Composer: Ruggiero Leoncavallo
Canio Franco Corelli
Orchestra & chorus of Radio Televisione Italiana
01. Leo Fall: Die Rose von Stambul 'O rosa di Stambul'
Occasion: RAI Television show 'Principesse, Violini,e champagne'
RAI television arias (filmed while playbacking to his earlier commercial recordings) ***
02. Bizet: Carmen 'La fleur que tu m’avais jetée'
Carmen actress: Gretel Santamaria
*** 'Nessun dorma' and 'Granada', both present in the original broadcast, are ommitted on the dvd.
This dvd transfer of the famous 1954 Pagliacci truly offers un nido di memorie. Next to the first ever television appearance of Franco Corelli, there is the unsurpassable Tonio of Tito Gobbi and some fine conducting from Alfredo Simonetto. In addition to all that, there are two interesting bonus features including the operetta aria 'O rosa di Stambul' and the notorious RAI costumed stagings by Corelli in the eighties, where he lip-synched to a recorded playback some of his most famous aria recordings. These eighties stagings came at a time when Corelli was contemplating a possible comeback. All this is made available by Hardy Classic Video in a technically impeccable print, with matching sound.
Un grande spettacolo
If this black & white Pagliacci offers anything to match modern color productions of the same opera, it is exactly because this is indeed what Canio promises the spectators at the beginning of the opera: un grande spettacolo. But before discussing young Corelli's merits in this production it is necessary to give due honor to the star of the show, Tito Gobbi. Rightfully so or not, he manages to turn Tonio into the vocal brother of Iago, pointing out that Leoncavallo's melodies were not born of a sudden verismo rain above the mediterranean peninsula. And the only thing in this production that truly matches his vocal phrasing and shading is his acting: Gobbi is the living image of the wretched creature Tonio, despised, submissive, vengeful. Often Canio rules the show because he has the most rewarding vocal parts, but this Tonio is clearly the master mind of this production (and contrary to Iago in Otello, Tonio also gets away with it).
When we consider poor Canio, this production offers another revelation, for Corelli was never more credible as an actor than he is here. There is no doubt that we owe this to a director who understood the importance of credible gestures – it looks like someone designed a ballet for Corelli's arms and hands! And because of this he is finally relieved of being at a loss with his hands, which all too often resulted in the 'great tenor gesture' of the throbbing right arm, ready to rise in a grand way on any occasion. The same can be said regarding his facial expressions: the anger in his eyes expressed while singing 'Un tal gioco' looks truly genuine. And, as with Gobbi, it is matched by a stunning vocal performance; none of his few later renderings of Canio were as convincing as this one. He is in stunning vocal condition, with a free and truly luscious, vibrant voice. His singing is tender, sad, dramatic, passionate and his voice is capable of expressing the full range of emotions contained in the tragedy that unfolds before our eyes, until everything explodes in a thrilling, not to say nervewracking finale, that is as true to life as the libretto wants it to be. Yes, one can see why he wanted to subdue the vibrato that is apparent in his voice here, as it clearly is the result of - as he put it himself - a faulty technique, of breath that hadn't found it's proper way, but how spectacular that ringing vibrato sounds here!
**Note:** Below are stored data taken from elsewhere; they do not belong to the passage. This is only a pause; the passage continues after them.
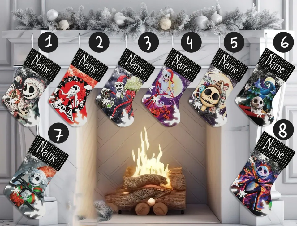 The item hot trend you're looking at is Personalized Nightmare Before Christmas Jack Skellington Festive Xmas Stocking For belong theme Christmas Stockings at Printblur
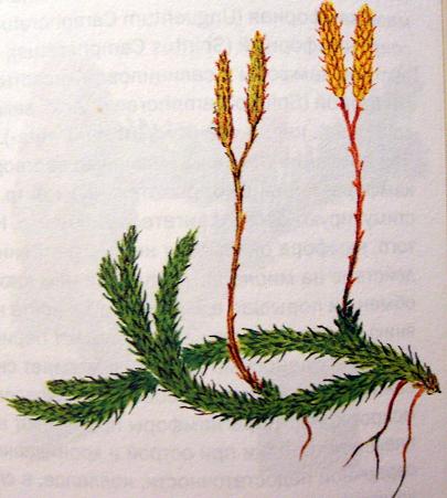 Род плаун(Lycopodium). К этому роду относят многочисленные (около 200 видов) многолетние вечнозеленые травы, распространенные от арктических областей до тропиков. Так плаун булавовидный (L. clavatum) встречается в травяном покрове хвойных лесов на достаточно влажных, но бедных гумусом почвах. В сырых хвойных лесах широко распространен плаун годичный (L. annotinum) (рис. 11. 4).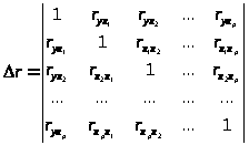При линейной зависимости коэффициент множественной корреляции можно определить через матрицу парных коэффициентов корреляции: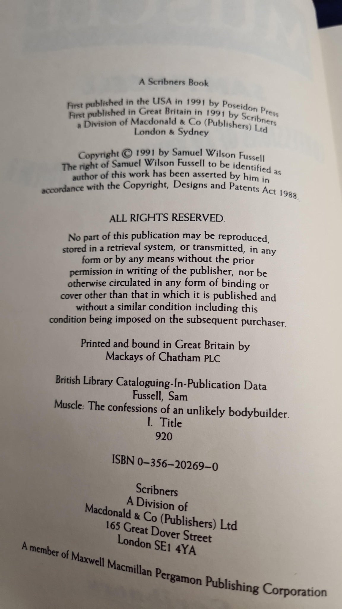 Sam Fussell - Muscle, Confessions of An Unlikely Bodybuilder, Scribners, 1991, First GB Edition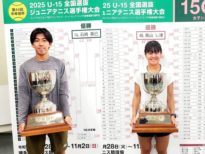シングルスは石崎葵已(関東/REC Waseda Club TA)と奥山し渚(東北/ITSベルズ)が優勝 [第44回中牟田杯U15]

My colleague Marina Boagno is perhaps right when she writes that this opera is the one where Corelli lacked the physique du rôle , as he is supposed to be the ugly one who is betrayed by his young wife Nedda, who desires the bell'uomo Silvio. The fact that Mafalda Micheluzzi's lover, Lino Puglisi, is not the most famous baritone around should not prevent anyone from buying this dvd, as the second string singers in those days would reign unchallenged today. Perhaps things are just the way Magda Olivero recently pointed out to me, when she said that the maestri in the fifties had known all these composers personally and were familiar with the style in which they had intended their works to be performed. Perhaps it was also true then that fine voices were very likely to be discovered at some point, which unfortunately isn't the case today. There's also the difference in training: sound legato and proper blending of the registers were still considered fundamental for a singer's career. Fact is that Puglise acts his part of the simple but physically attractive lover convincingly enough to hold his own, as does tenor Mario Carlin in the part of Beppe/ Arlecchino.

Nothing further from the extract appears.